Not so long ago, in spring, my son and I took the bike to downtown Sunnyvale – just imagine. Driving across an driveway of a supermarket parking lot we were literally verbally abused by a car driver who scrolled down the window and told my son that he has no business riding a bike and – with a dirty look in my direction – that he belongs into the back of a car.

Here we don’t have a car – that takes care of that.  I can borrow my parent’s car but by and large it is easier to just bike or walk.  By the time I get the car out of the tiny garage, maneuver it through narrow streets, park it in a no parking zone because there are no parking spots I will likely have reached my destination by bike or on foot.

The fact that things are easy to reach has dawned on geek-boy, too, smart cookie that he is, and now he wants to do things by himself. In the morning he grabs his satchel and a few Euros and rides his bike to the bakery, invariably bringing me a bretzel and selecting the thing with the thickest sugar-coating for himself.  Today he went downtown, bought an ice cream, ate the ice cream piece and fed the waffle to the birds, then he rode back home again.  He does not want to be picked up anymore from his evening PE summer class – “mom, they let kids go home by themselves.  I can do this!”

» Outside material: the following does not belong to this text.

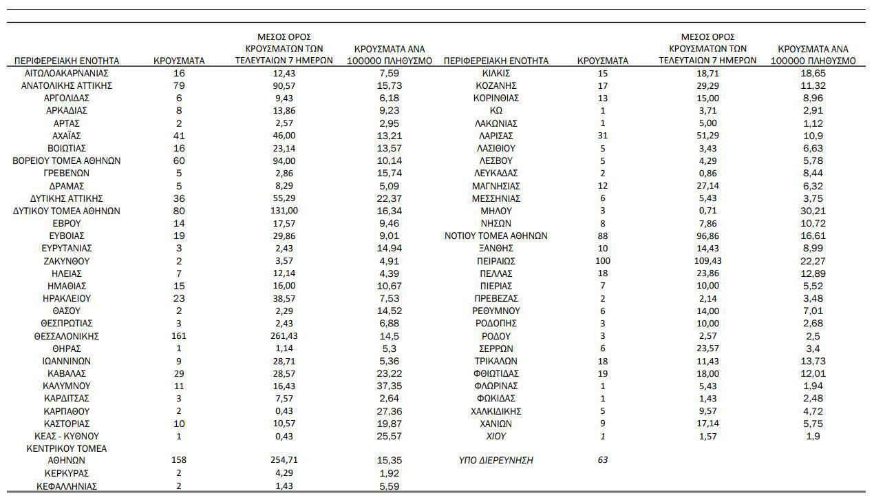 Αναλυτικότερα τα κρούσματα στις περιφερειακές ενότητες που ανήκουν στην Αττική:

In typical geek-boy fashion he overdoes it.  When geek-husband had to get to the train station the other day our son offered to accompany him.  “Okay” I say, “will you find home alright?”  and get an eye-roll as an answer.  The he casually adds “and on my way back I’ll stop at the Pano (his favorite Cafe) for a Babyccino.”

Predictably my response was: “you will do no such thing, young man, and get your behind back here without delay and babyccinos”.

He obeyed – but it seem to have been worth a try.

And he can, although I am not always happy about so much sudden independence.  What if he doesn’t look before he crosses the street, some mad child abuser is lurking behind the ice cream parlor, the sky falls, …

I guess all mothers go through this and the typical German mother went through it two years ago, but as a typical Californian mother I expected to have control over where my little boy goes until he is 16 years old with his own drivers license in hand, I can’t begin to imagine that anxiety: new independence, hormones and a drivers license.

Maybe this allows for a bit of a staged approach to the inevitable.